At Fero we often get asked the question: Why can't I do this data-driven analysis myself?

You can—but it will be expensive and inefficient. And it might not work.

Below, we highlight some of the main issues you'll run into. These issues broadly fall into three categories: data, collaboration, and broader issues around trust.

1. Data issues

Without quality data, you won't get quality insights. That means even before doing any analysis, you'll need to make sure the data coming from the factory floor is clean, without any outliers. This brings us to our first issue:

Data is hard to clean in real time.

It's easy to export static data into Excel and manually clean it by deleting rows that don’t make sense and removing outliers by hand. But cleaning live data is more challenging—especially if you don't know anything about the factory or process. As a result, data scientists can spend months cleaning data for a single process.

Fero software has process and data engines that auto-clean data in real time. Once your static data has been cleaned and you want to start analyzing live data, you don't need to do any extra work—just enable live optimization mode and Fero will automatically clean and analyze data as it's generated on the factory floor.

Reproducing analyses often requires starting again from scratch.

Say you start a project to find the root cause of an unusually high scrap rate. Later, you want to study emissions generated during the same process and figure out how to reduce them.

If the data scientist has created custom code to deal with the first project, it won't be helpful for the second. Rather, you'll need to start from scratch as your new files and data sources will have many small but significant differences.
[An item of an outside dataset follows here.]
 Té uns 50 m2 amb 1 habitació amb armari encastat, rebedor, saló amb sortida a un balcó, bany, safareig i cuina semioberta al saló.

Fero makes it easy to ask multiple questions about the same process. You don't need to do any re-work. Rather, just create a new analysis and adjust the factors you want to examine, and the software will get you answers in minutes.

2. Collaboration issues

Once the models have been built, they'll then need to actually be implemented. This leads to another set of practical challenges:

Splitting work between the data scientist and the domain expert is inefficient.
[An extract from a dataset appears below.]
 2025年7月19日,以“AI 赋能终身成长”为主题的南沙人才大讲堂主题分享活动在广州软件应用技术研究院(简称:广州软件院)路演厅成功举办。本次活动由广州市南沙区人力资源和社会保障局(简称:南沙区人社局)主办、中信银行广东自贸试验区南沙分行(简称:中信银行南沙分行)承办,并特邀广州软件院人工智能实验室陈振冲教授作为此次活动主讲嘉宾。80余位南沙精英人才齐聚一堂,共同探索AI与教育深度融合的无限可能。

The person preparing and cleaning the data is typically the data scientist, but the person who actually knows the data is the domain expert. So this requires a lot of back and forth: the data scientist has to talk to the domain expert to get some code, they'll share the result, they have to look at the graphs to see if it makes sense, etc.

We cut this back and forth out. When you set up a process in Fero, the domain expert adds information about the factory, such as the number of stages in the process and how long items spend in each stage. This information is then used to clean and prepare the data and build accurate models—so the data scientists can spend their time analyzing and discussing the results with their domain expert colleagues.

The data scientist leaves.

They wrote custom code, but now you don't know how to maintain it or what to do with it. You need to find another data scientist to help deal with those issues. (This issue is compounded when it's a student intern doing the data science work!)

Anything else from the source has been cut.